Dès que nous trouvâmes des chevaux pour nous déplacer et des soldats pour nous accompagner, Joseph Baker partit de son côté pour Mossoul et moi vers ma région, le long du fleuve Kibur [?]. Durant la nuit précédant notre départ, nous entendîmes des cris de femmes – horribles, à fendre le cœur. Le camp des Arméniens se trouvait à un kilomètre de notre maison. Ces cris continuèrent toute la nuit. Nous demandâmes ce qui se passait, on nous apprit que les enfants étaient retirés à leurs mères afin de les placer dans des dortoirs et les y éduquer. Toutefois, au matin, lorsque nous prîmes la route et traversâmes le pont au-dessus de l’Euphrate, je fus horrifié de voir le fleuve rougi par les cadavres d’enfants ensanglantés et décapités, flottant sur l’eau. Cette scène était d’autant plus horrible que nous ne pouvions rien faire.
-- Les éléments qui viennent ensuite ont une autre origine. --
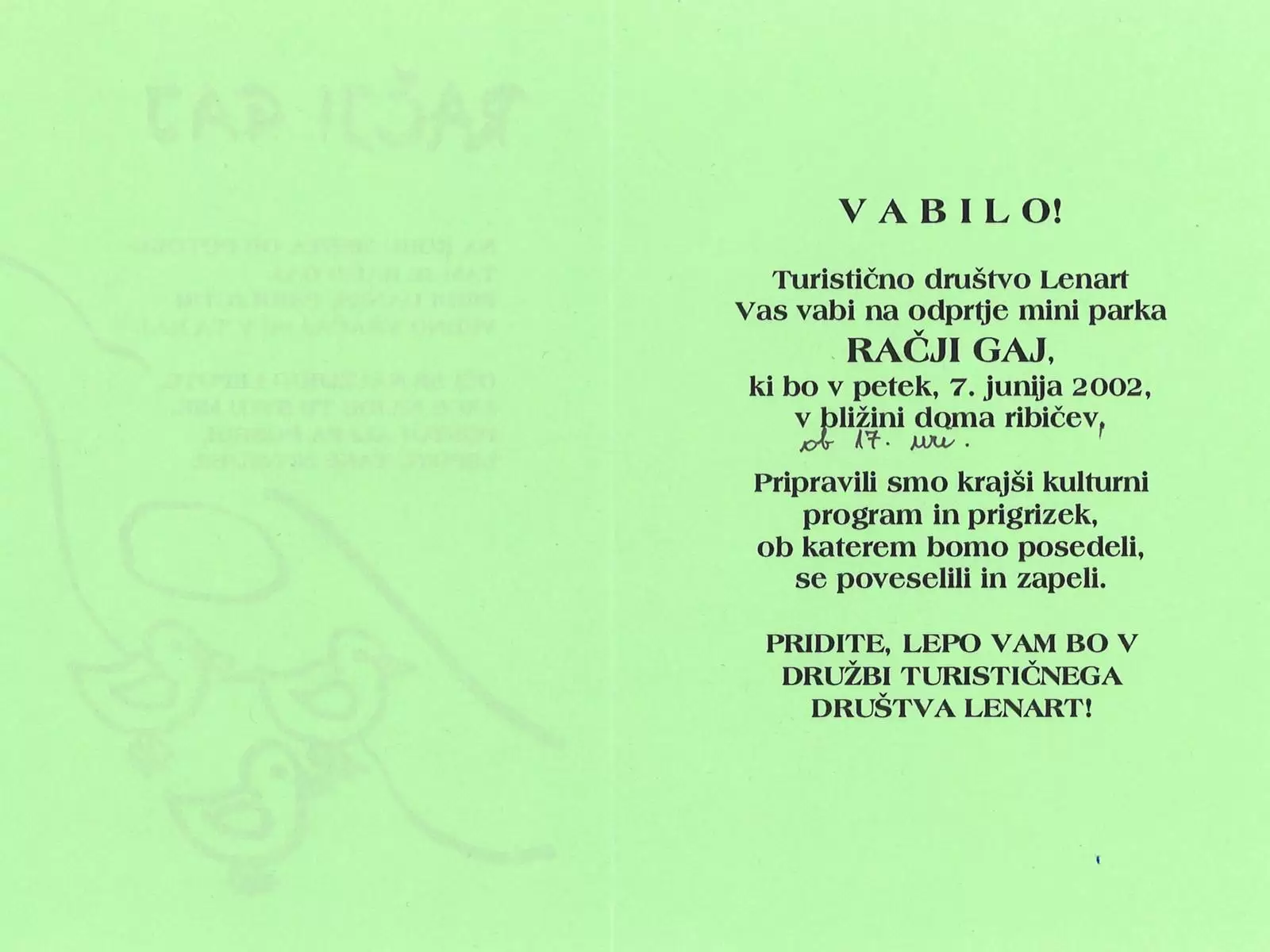 Objavljamo fotogalerijo iz otvoritve Račjega gaja, 7. junija 2002, ki ga hrani Tatjana Kraner:

Après trois jours de voyage, j’atteignis Aram-Naharaim [NdT : la Mésopotamie], où je fus témoin d’une horrible tragédie. Il y avait là deux camps attenants, l’un pour les Arméniens et l’autre pour les Tcherkesses. Les Tcherkesses s’employaient à exterminer les Arméniens. Des cheikhs arabes étaient présents aussi, choisissant pour épouses de belles jeunes filles arméniennes. Deux femmes s’approchèrent de moi et me donnèrent des photographies. Si j’allais à Alep et si je trouvais leurs familles (au cas où celles-ci fussent en vie), ces femmes me demandèrent d’adresser leurs salutations à toute personne que j’y trouverais.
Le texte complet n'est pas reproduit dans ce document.